И тем самым ответил на проблемное «в-третьих», не дав тому стать проблемой. Появление массива переводной литературы в России, развивающейся, как бы ни страдали славянофилы, по петровской культурной модели, сделалось необходимо с наступления Нового времени, то есть с XVII века. Ситуация преемственна и для Новейшего: тип культуры сохраняется. Вот уже четвертый век нашим писателям, для того чтобы создавать своё, надо находиться внутри «чужого», «другого». Практика недвусмысленно показала, что наша литературная жизнь, став чисто «внутренней» (как это было в пору холодной войны, за пресловутым занавесом), оказывается крайне бедной. Томы и томы производственных романов, библиотеки деревенской прозы, среди авторов которой, увы, званых существенно больше, чем избранных… Советские формы романа, возникшие внутри стены, нежизнеспособны. Интеграция нашей культуры в общеевропейское пространство необходима как фактор, парадоксально определяющий и даже обуславливающий нашу культурную идентичность.
Меж тем самый важный вопрос касается не хронологического порядка восприятия произведений, не замкнутости или разомкнутости литературного процесса. Как роман?! Почему роман?! Ведь еще в 20—30-е годы ему была предсказана неминуемая бесславная гибель! Ведь сам жанр был, казалось, обречен на исчезновение! И что же — опять?!
Концептуальная статья на тему гибели романа принадлежит Осипу Мандельштаму, и вот почему: в 20-е годы по обстоятельствам жизни поэт был вынужден постоянно знакомиться с новинками западной литературы и много переводить. Довольно быстро он уловил некую общую тенденцию, в результате чего появилась статья «Конец романа» (1922), которая, как пишут П. Нерлер и А. Никитаев в комментариях ко второму тому Собрания сочинений (1993), есть «одно из важных и наиболее оригинальных звеньев в системе общих рассуждений Мандельштама о литературном процессе как целостности в его соотнесенности с социально-историческим развитием. Вопрос о кризисе романа как жанра был в те годы одной из актуальных эстетических проблем».

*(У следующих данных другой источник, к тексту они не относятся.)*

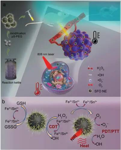 其他說明:密封狀態(tài)下保質(zhì)期半年【主要優(yōu)勢】具有過氧化氫酶樣活性和谷胱甘肽過氧化物酶樣活性;同時進行光熱治療(PTT)、光動力治療(PDT)和化學(xué)動力學(xué)治療(CDT)
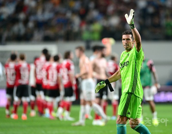 26일 서울월드컵경기장에서 열린 ‘팀 K리그 vs 유벤투스 FC Friendly Match 2019 in Seoul‘에서 경기를 마친 유벤투스 부폰이 팬들에게 인사하고 있다.
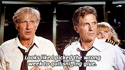 While I’ve yet to see Zero Hour! (1957), which the major influence on this film (so much so that the producers bought the rights to the script and used a lot of a dialogue word for word), I have seen a few of films in the Airport franchise, which were a series of movies in the 1970s, who’s main connection was they had George Kennedy playing the same character (his appearance time varied in each movie). They would also feature an ensemble of well known actors, and all involved a plane about to crash, with somebody outside the flight crew having to land it (in one it was a stewardess).
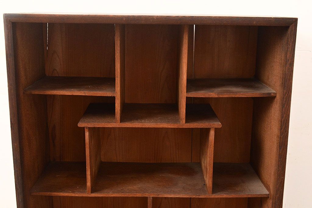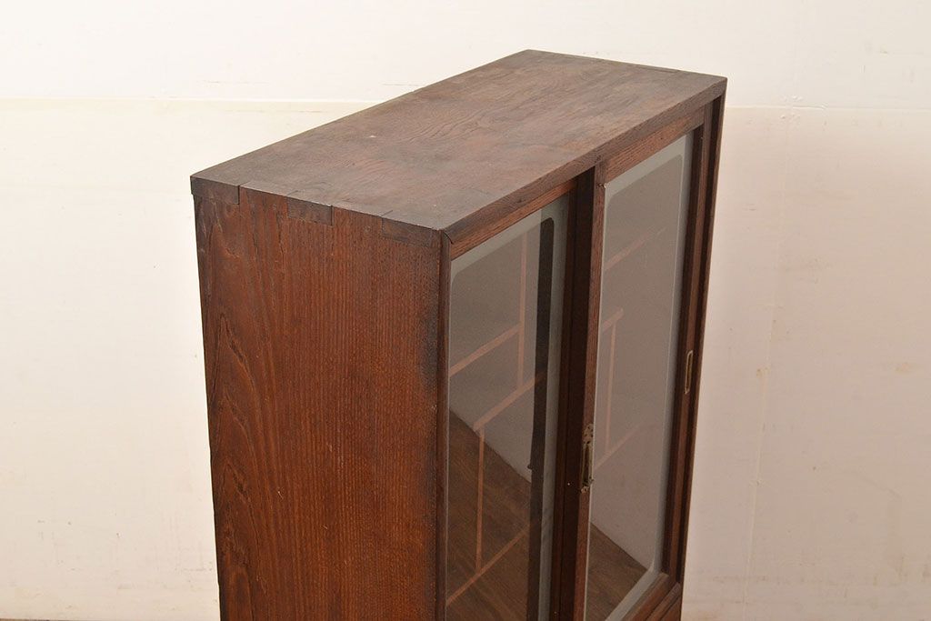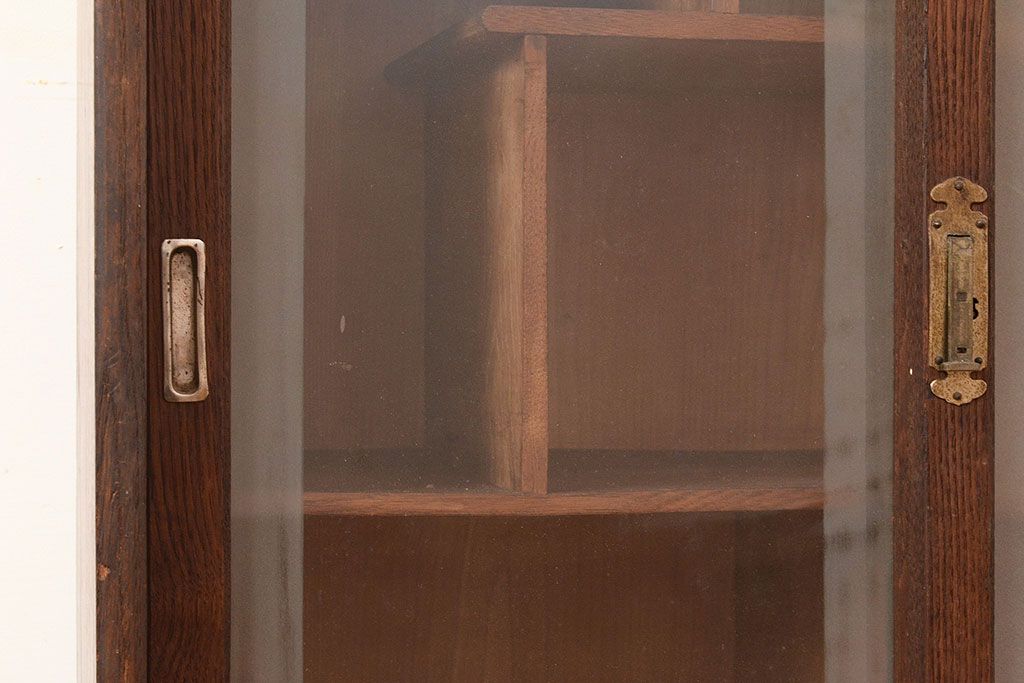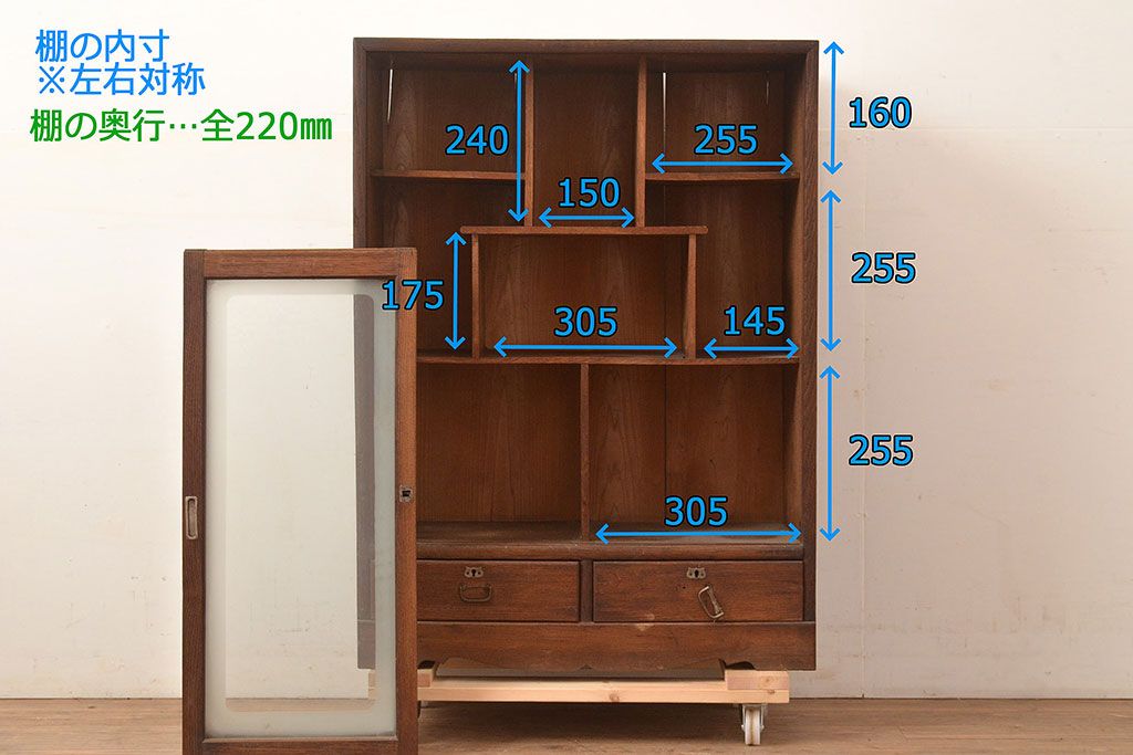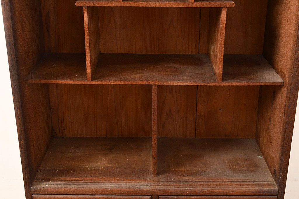 キャビネット・戸棚 > 和製アンティーク 三方栗材 上手物!様々なディスプレイが楽しめる、ユニークな棚が魅力のガラス戸棚(飾り棚、収納棚)(R-048042)

Что же имел в виду Мандельштам, предрекая «конец романа»? Определяя его как «композиционно замкнутое, протяженное и законченное в себе повествование о судьбе одного лица или целой группы лиц», он отмечал, что особая «заинтересованность» автора в судьбе героя и «искусство заинтересовывать судьбой» читателя являются и жанрообразующим, и жизнетворческим фактором. «Вплоть до последних дней роман был центральной насущной необходимостью и организованной формой европейского искусства. „Манон Леско“, „Вертер“, „Анна Каренина“, „Давид Копперфильд“, „Красное и черное“ Стендаля, „Шагреневая кожа“, „Мадам Бовари“ — были столько же художественными событиями, сколько и событиями в общественной жизни. Происходило массовое самопознание современников, глядевших в зеркало романа, и массовое подражание, приспособление современников к типическим организмам романа. Роман воспитывал целые поколения, он был эпидемией, общественной модой, школой и религией».
Что же касается романного героя, то Мандельштам намечает вехи его эволюции. «Если первоначально действующие лица романа были люди необыкновенные, герои, или уже одаренные необычайными мыслями и чувствами, то на склоне европейского романа наблюдается обратное явление: героем романа становится обыкновенный человек, с обыкновенными чувствами и мыслями, и центр тяжести переносится на социальную мотивировку, то есть настоящим действующим лицом является уже общество, как, например, у Бальзака или у Золя».
В таком случае, рассуждал Мандельштам, разговор идет об осознании роли личности в истории. В XIX веке благодаря Наполеону эта роль осознавалась как чрезвычайно высокая; отсюда десятки «романов удачи» у Бальзака. При этом «крупнейшее событие XIX века — Парижская коммуна — до сих пор не нашло достаточно убедительного отражения в романе, и до сих пор книга Lessagaré, простая хроника, является единственным настоящим ‘Романом парижской коммуны’». Это значит, что, когда в движение приводятся классы общества, человеческие множества, роль личности существенно падает; но ведь «мера романа — человеческая биография или система биографий». Новый романист, почувствовавший, что отдельной человеческой судьбы более не существует, предпринял ряд усилий для спасения жанра; успехом они не увенчались. И потому «дальнейшая судьба романа будет не чем иным, как историей распыления биографии как формы личного существования, даже больше, чем распыления, катастрофической гибели биографии».